Carnival of Souls (1962) – Mary survives the watery car accident that killed her friends and tries to get on with her life, but finds that life might not be quite so willing to have her back. Made for just $33,000 back in 1962, the extremely low production values actually work in this movie’s favor. If you can look past the plodding script and non-existent acting skills, you’ll be rewarded with some of the most unsettling music and nightmarish imagery ever dreamed up.

The Haunting (1963) – One of THE scariest movies ever made. No blood, no gore, no serial killers and no monsters, well, except for the ones we carry around deep inside of our psyches. For pure psychological and emotional terror, this 1963 black-and-white chiller has no parallel. A professor gathers together a disparate group of psychics at an eerie old mansion for research into the existence of ghosts. Madness and death ensue. I get chills just remembering the sound effects! (Amazingly, director Robert Wise is the same person who gave us “The Sound of Music” the following year!)

Theatre of Blood (1973) – Vincent Price is wickedly hilarious as a failed Shakespearean actor who wreaks poetic justice on his critics by offing them in the most ingenious and often goriest ways possible, with each death based on a scene from one of the Bard’s plays. Diana Rigg joins Price as his equally demented daughter in this very devilish and very black comedy. Full of 1970s camp and buckets of blood, also supposed to be Price’s favorite film.

The Changeling (1980) – After the tragic accidental deaths of his wife and young daughter, a composer rents a historic house in which to work and discovers something otherworldly living there, something that craves justice and wants his help in finding it. The slow-building suspense in this incredibly atmospheric haunted house film is unrelenting. Absolutely no blood or gore whatsoever, but plenty of solid frights abound. This film is certainly much too scary for kids — and for those afraid of the dark.

May (2002) – A socially awkward and painfully lonely young woman decides to take her mother’s words (“If you can’t find a friend, make one.”) to heart. “May” is many things, drama, dark comedy, gory slasher flick and psychological horror story all rolled into one. The empathy you invest in the title character during the first half of the movie gets its real test in the second half once blood starts to flow. You may not like May very much, but you’ll find it hard to hate her.

Three… Extremes (2004) – This film is a trilogy of Asian horror stories by three different indie directors. “Cut” is the most sadistic (and bloodiest) of the three segments, “Box” is the most disturbing and “Dumplings” is the most stomach turning. Taken together they provide a really fascinating introduction to some of the most prominent themes in East Asian horror. You won’t feel hungry after watching this one!

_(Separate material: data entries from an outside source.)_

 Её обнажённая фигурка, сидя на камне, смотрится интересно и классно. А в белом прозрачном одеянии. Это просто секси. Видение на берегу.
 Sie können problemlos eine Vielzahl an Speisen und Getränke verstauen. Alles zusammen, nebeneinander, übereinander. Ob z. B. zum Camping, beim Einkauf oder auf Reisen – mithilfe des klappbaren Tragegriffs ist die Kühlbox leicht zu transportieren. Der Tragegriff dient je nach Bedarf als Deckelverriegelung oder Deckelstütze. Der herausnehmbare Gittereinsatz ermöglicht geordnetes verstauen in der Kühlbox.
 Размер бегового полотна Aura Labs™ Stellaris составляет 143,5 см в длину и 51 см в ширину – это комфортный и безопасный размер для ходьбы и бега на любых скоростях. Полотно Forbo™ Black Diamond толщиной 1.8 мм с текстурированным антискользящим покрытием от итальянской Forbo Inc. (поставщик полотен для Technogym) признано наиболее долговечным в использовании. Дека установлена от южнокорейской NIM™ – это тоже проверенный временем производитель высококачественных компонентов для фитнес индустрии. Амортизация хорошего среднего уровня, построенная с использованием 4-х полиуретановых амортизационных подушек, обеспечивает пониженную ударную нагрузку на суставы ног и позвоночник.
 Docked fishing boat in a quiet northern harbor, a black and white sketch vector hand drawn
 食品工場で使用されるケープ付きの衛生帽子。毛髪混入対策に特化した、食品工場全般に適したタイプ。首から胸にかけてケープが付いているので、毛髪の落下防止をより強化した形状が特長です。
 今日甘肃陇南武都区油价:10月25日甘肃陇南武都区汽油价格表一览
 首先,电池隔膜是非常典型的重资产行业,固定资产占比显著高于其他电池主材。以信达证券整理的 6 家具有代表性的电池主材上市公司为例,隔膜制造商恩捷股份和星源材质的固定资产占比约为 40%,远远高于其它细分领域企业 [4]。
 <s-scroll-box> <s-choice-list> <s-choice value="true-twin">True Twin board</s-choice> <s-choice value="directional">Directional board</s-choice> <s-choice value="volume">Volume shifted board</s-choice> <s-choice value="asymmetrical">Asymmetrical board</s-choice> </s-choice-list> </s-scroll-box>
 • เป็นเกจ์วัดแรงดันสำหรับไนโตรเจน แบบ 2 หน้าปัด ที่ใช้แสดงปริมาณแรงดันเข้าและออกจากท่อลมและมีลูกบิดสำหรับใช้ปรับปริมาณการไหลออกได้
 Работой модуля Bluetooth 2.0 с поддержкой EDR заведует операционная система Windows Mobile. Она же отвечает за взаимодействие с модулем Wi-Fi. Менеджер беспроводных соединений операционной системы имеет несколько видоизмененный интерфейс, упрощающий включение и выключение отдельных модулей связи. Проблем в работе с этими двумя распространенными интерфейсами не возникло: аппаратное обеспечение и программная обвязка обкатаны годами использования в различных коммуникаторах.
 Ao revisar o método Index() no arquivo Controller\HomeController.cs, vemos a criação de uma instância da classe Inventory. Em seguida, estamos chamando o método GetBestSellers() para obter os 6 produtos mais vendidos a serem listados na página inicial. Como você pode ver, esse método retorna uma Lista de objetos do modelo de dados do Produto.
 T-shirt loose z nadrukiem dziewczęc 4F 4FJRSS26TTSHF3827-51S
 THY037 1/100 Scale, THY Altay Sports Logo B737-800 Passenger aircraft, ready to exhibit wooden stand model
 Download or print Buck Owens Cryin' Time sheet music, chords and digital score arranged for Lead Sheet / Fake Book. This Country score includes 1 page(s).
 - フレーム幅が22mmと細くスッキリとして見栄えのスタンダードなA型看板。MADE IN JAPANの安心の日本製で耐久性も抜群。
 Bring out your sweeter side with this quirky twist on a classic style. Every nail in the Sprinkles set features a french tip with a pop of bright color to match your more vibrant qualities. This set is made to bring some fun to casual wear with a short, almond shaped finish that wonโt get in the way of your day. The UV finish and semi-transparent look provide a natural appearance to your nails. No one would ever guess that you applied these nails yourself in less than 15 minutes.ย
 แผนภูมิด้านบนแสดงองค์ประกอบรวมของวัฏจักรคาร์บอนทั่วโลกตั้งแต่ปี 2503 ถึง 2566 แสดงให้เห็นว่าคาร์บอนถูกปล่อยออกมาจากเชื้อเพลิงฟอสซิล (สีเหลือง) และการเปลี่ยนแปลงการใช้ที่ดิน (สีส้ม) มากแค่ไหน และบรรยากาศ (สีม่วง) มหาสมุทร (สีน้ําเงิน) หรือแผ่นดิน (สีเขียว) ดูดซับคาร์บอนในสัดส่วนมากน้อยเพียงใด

Noroi (2005) – Forget “Blair Witch,” the Japanese film “Noroi” is what found footage-style horror films should look like. A documentary filmmaker explores several unrelated paranormal incidents connected to the legend of a demonic entity. This film is so stuffed full of mood and disquieting images that you’ll almost forget it’s not a real documentary about real events. Makes the most of using a first-person narrative with legitimately creepy results.

The Orphanage (2007) – Laura brings her husband and 7-year-old adopted son back to the now-dilapidated orphanage where she herself grew up, planning to create a home for disabled children. Her son almost immediately acquires an imaginary friend and starts acting oddly. During an opening day children’s party, the boy disappears soon after he and his mother fight. This moody Spanish thriller is terrifically creepy with just a few slam-bang shocks, and contains one of the saddest endings I have ever seen in a horror film. Its producer (Guillermo del Toro) plans a big budget US remake, but see this one first.